Tout en goûtant la profondeur de cette maxime, je me dis que le mieux à faire est de redoubler de fatalisme à mon tour, et je m’exclame quelque chose sur la dureté du métier de commerçant. Ce à quoi il répond du tac au tac, encore qu’un peu entre ses dents : “On peut être commerçant sans être escroc !” - propos qui me semble non moins exact, et peut être d’une ambition plus adaptée à la situation que son précédent aphorisme. “Mais voilà, le patron a décidé qu’il fallait qu’on le vende, et je dois donc le vendre; mais vous, monsieur, ça fait plusieurs fois que vous venez, j’aurais quand même du scrupule à vous vendre ce truc, vous ne reviendriez plus. D’ailleurs, je vais vous dire, même le producteur lui-même reconnaît qu’il n’est pas fameux. Ils ont voulu tenter quelque chose, ça n’a pas pris - d’habitude, ils font plutôt…”, et il fait l’entrechat caractéristique, “… sur une autre terre, celui-là, c’est tout autre chose !” - et comme je déchiffre du mieux que je peux l’étiquette, haussant les épaules, il ajoute avec honnêteté et délicatesse : “… mais c’est pas le même prix”.

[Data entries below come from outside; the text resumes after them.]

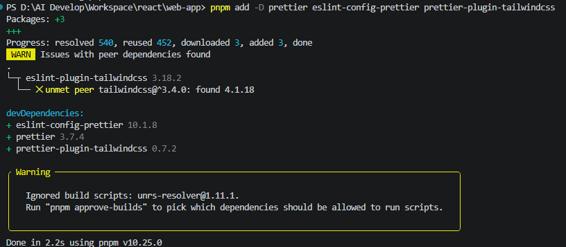 pnpm add -D prettier eslint-plugin-prettier eslint-config-prettier eslint-plugin-tailwindcss
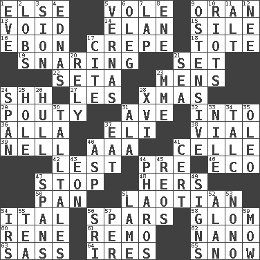 ACROSS 1. Otherwise 5. Short-tailed, large-bodied rat 9. NW Algerian seaport 13. Nothingness 14. Liveliness 15. Filth; sediment 16. Inky black, to poets 17. Streamer paper 18. Carry 19. Catching in a trap 21. Put into a specified state 22. Bristle 23. Not women's 24. Quiet! 27. French article 28. Dec. holiday 29. Marked by pouting 31. "___ Maria" 32. To the inside or interior of 36. Silent film actress Nazimova 37. Connecticut Ivy Leaguer 38. Small bottle 39. 1994 drama film starring Jodie Foster 40. Auto club (abbr.) 41. Cell (Danish) 42. For fear that 44. Before (prefix) 46. Environmental prefix 47. Constrict 48. Possessive pronoun 50. Baking dish 51. Of or relating to Laos or its people 54. Slanted text style (abbr.) 56. Practice fights 58. Seize upon or latch onto something 60. French philosopher Descartes 61. San ____ (Riviera town) 62. Billionth: prefix 63. Backtalk 64. Angers 65. Frozen precipitation DOWN 1. First lady 2. Tennis shots 3. The Jewish people; Israel 4. Ferber et al. 5. Actresses Bloom and Felton 6. Cassini of fashion 7. Infant locale 8. Compass dir. 9. Clearly or manifestly demonstrative 10. Disturbances 11. The first octave above the treble staff 12. Born 17. Quote 20. Have trust in 21. Ocean 23. Madame (abbr.) 24. Connect, as a bridge 25. Opening into or through something 26. Frame or body of a ship 28. 16 30. Baron Munchausen's specialties 31. Chicken ___ king 33. "Death on the ____" 34. Baby powder 35. Margarine 37. Erode 40. Cleo's killer 41. Foregone conclusion 43. Period of immesurable duration 44. N Egypt peninsula 45. Vintage cars 47. Connects, as a bridge 49. Signals 51. Unable to walk 52. Actor Alda or Thicke 53. Words to Nanette 54. Big collection agency 55. Beverage made from leaves 56. _ Lanka 57. For each 59. Cut the grass
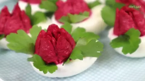 3. Формирование тюльпанов. Наполните яичные белки получившимся кремом с помощью кондитерского мешка, используя насадку «Тюльпан». Для добавления яркости и свежести можно украсить тюльпаны листиками петрушки, аккуратно прикрепив их зубочисткой.
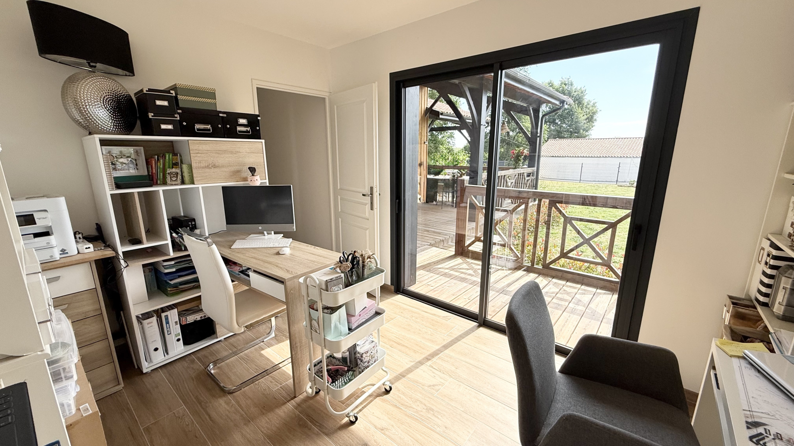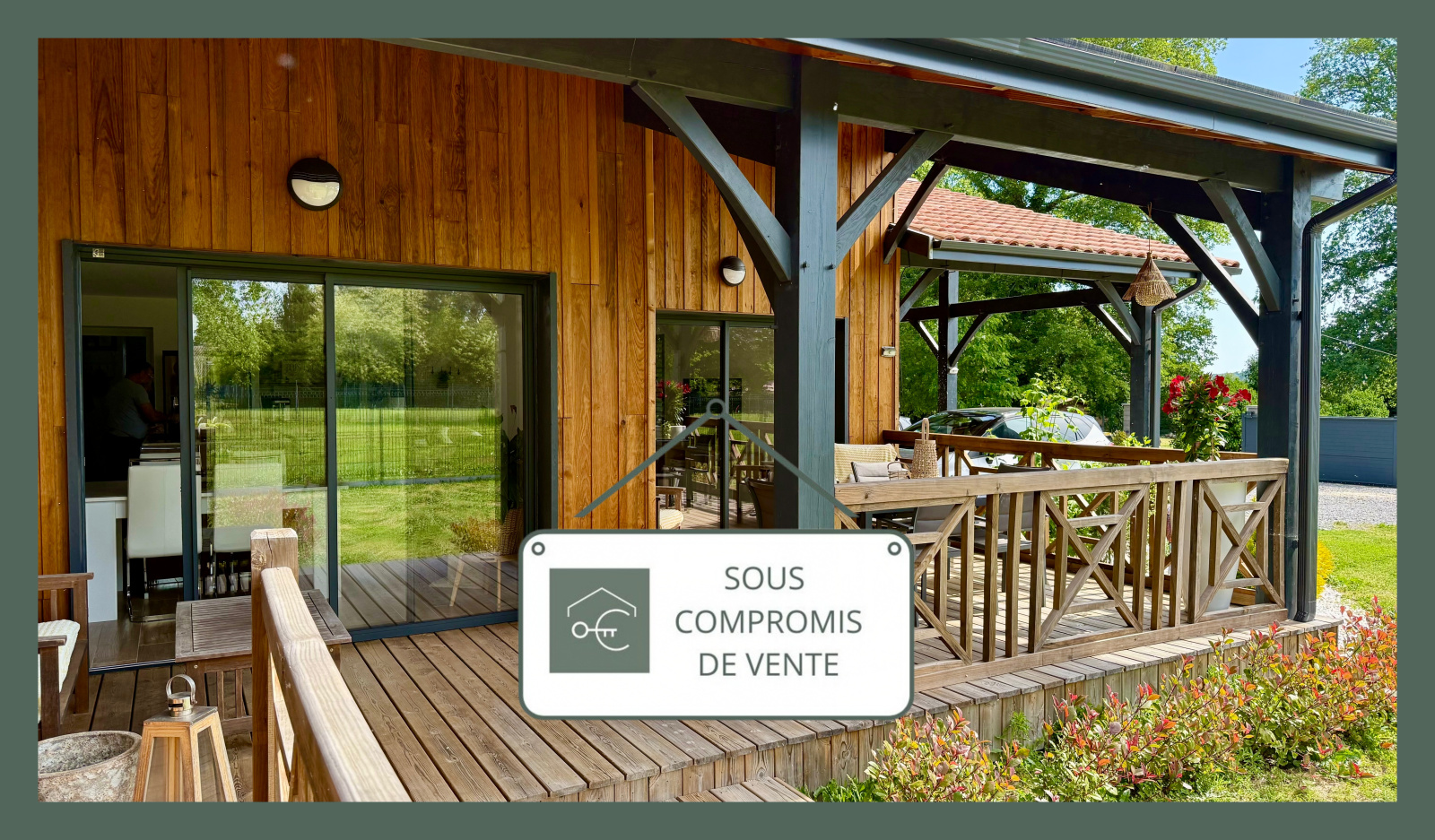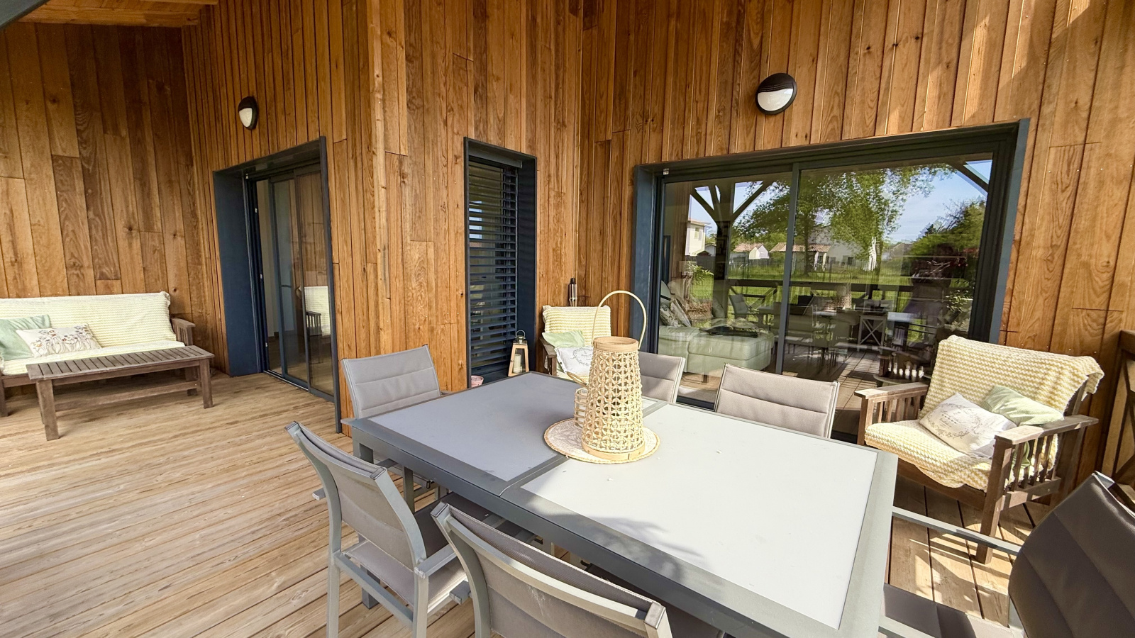 Terrasse et carport 2 voitures à l'avant de la maison.

En fin de compte, je lui ai acheté à mon tour tout autre chose, mais quittant la boutique je m’interrogeais longuement sur ce vin mal aimé de tous, y compris de ceux-là même à qui il devait le nom et l’existence; et sur la curieuse pratique commerciale à laquelle j’avais assisté. Dans un moment de suspicion extrême, j’eus même envie de revenir furieusement, d’acheter sans un mot tout le stock, pour m’assurer qu’il n’y avait pas là un nectar extraordinaire que le vendeur espérait garder pour lui - mais revenant à mes sens, je me suis demandé si de telles pensées n’étaient pas plutôt le signe qu’il vaudrait mieux que j’arrête la consommation d’alcool pour quelques temps.